»»

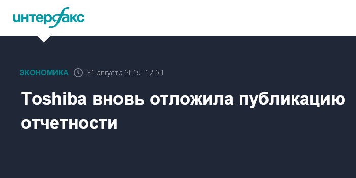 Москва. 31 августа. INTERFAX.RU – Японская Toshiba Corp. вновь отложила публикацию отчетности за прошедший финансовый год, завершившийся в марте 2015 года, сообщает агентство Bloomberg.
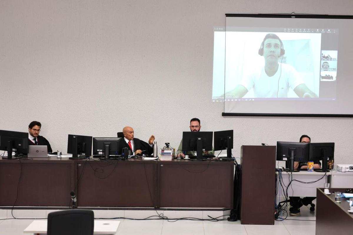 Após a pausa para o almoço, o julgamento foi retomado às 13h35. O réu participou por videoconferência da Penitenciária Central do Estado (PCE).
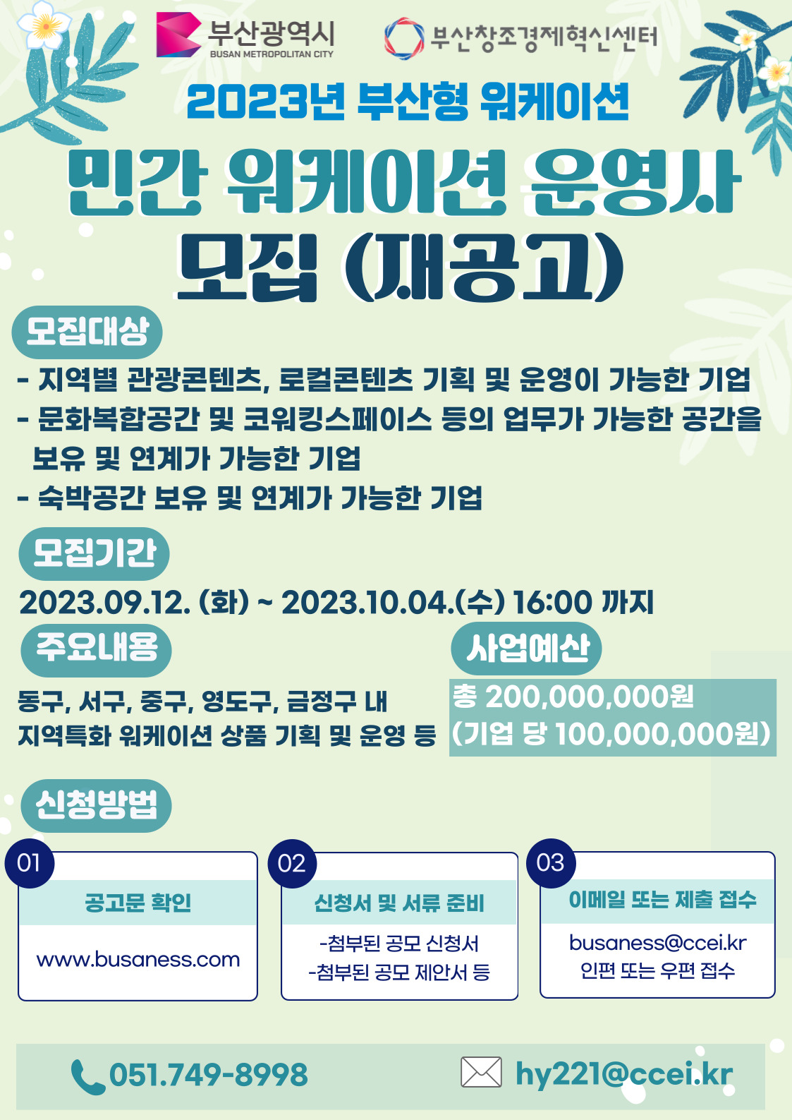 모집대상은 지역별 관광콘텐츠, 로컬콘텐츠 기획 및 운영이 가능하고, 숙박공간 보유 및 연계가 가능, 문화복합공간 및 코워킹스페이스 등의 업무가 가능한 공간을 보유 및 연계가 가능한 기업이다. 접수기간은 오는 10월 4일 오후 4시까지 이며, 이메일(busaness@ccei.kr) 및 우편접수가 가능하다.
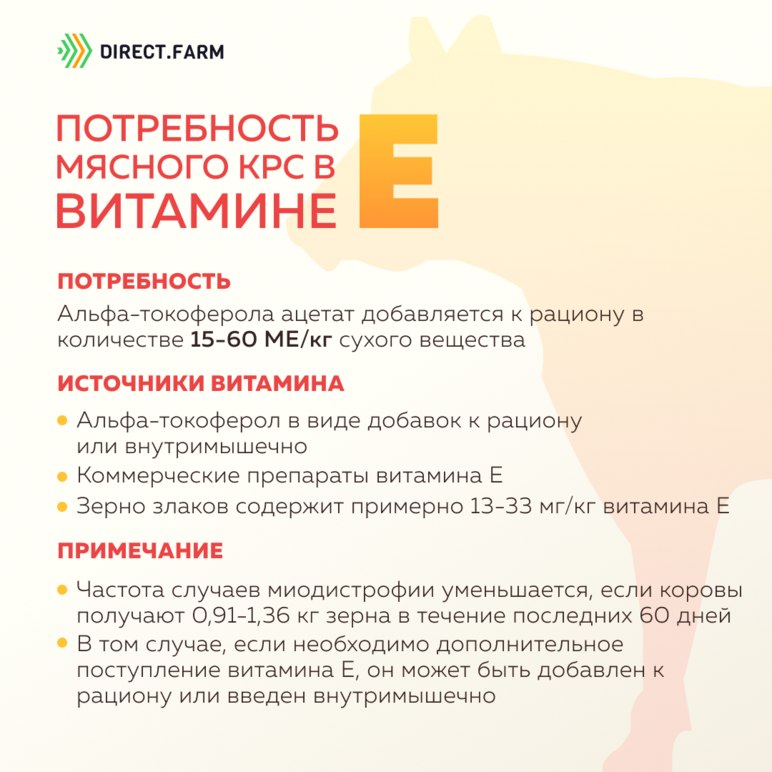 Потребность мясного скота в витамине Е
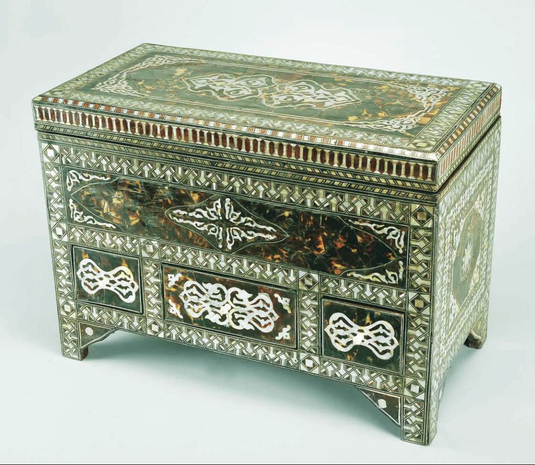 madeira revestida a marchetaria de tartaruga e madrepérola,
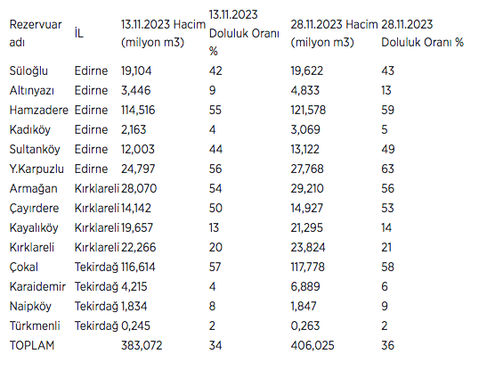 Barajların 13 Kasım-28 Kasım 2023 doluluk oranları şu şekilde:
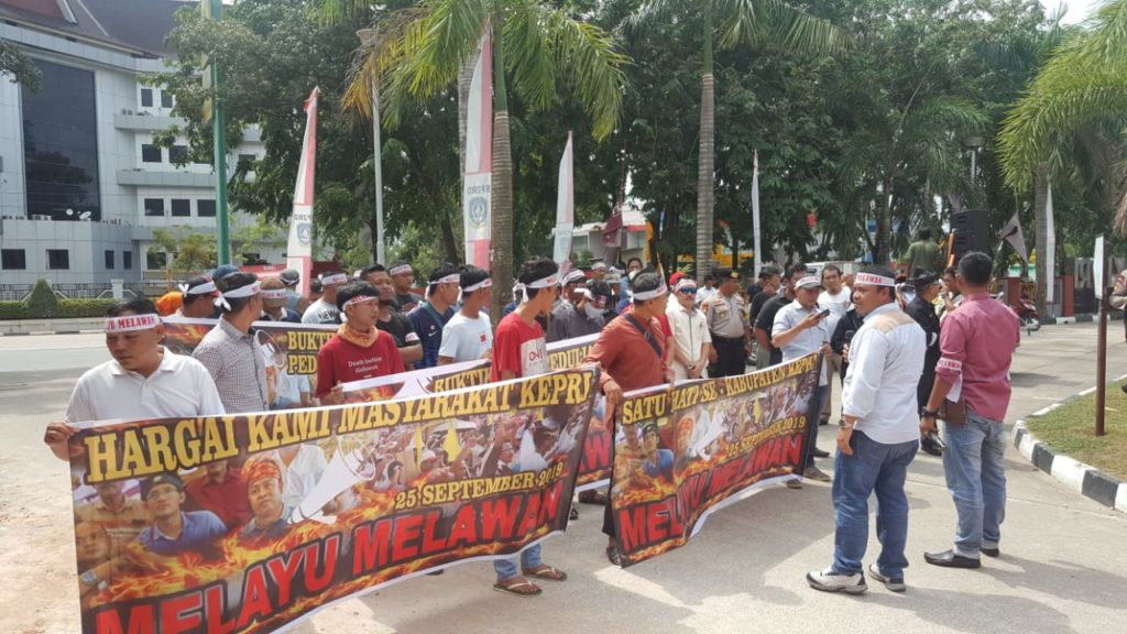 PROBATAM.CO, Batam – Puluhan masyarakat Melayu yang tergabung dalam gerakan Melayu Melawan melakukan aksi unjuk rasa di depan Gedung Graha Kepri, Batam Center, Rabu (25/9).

««

_REQUIREMENT_
Above are records; write out the lines from the one with "madeira revestida a" down to the one with "Barajların 13 Kasım-28", exactly, leaving the pictures out.

_SOLUTION FOR THIS EXERCISE_
 madeira revestida a marchetaria de tartaruga e madrepérola,
 Barajların 13 Kasım-28 Kasım 2023 doluluk oranları şu şekilde:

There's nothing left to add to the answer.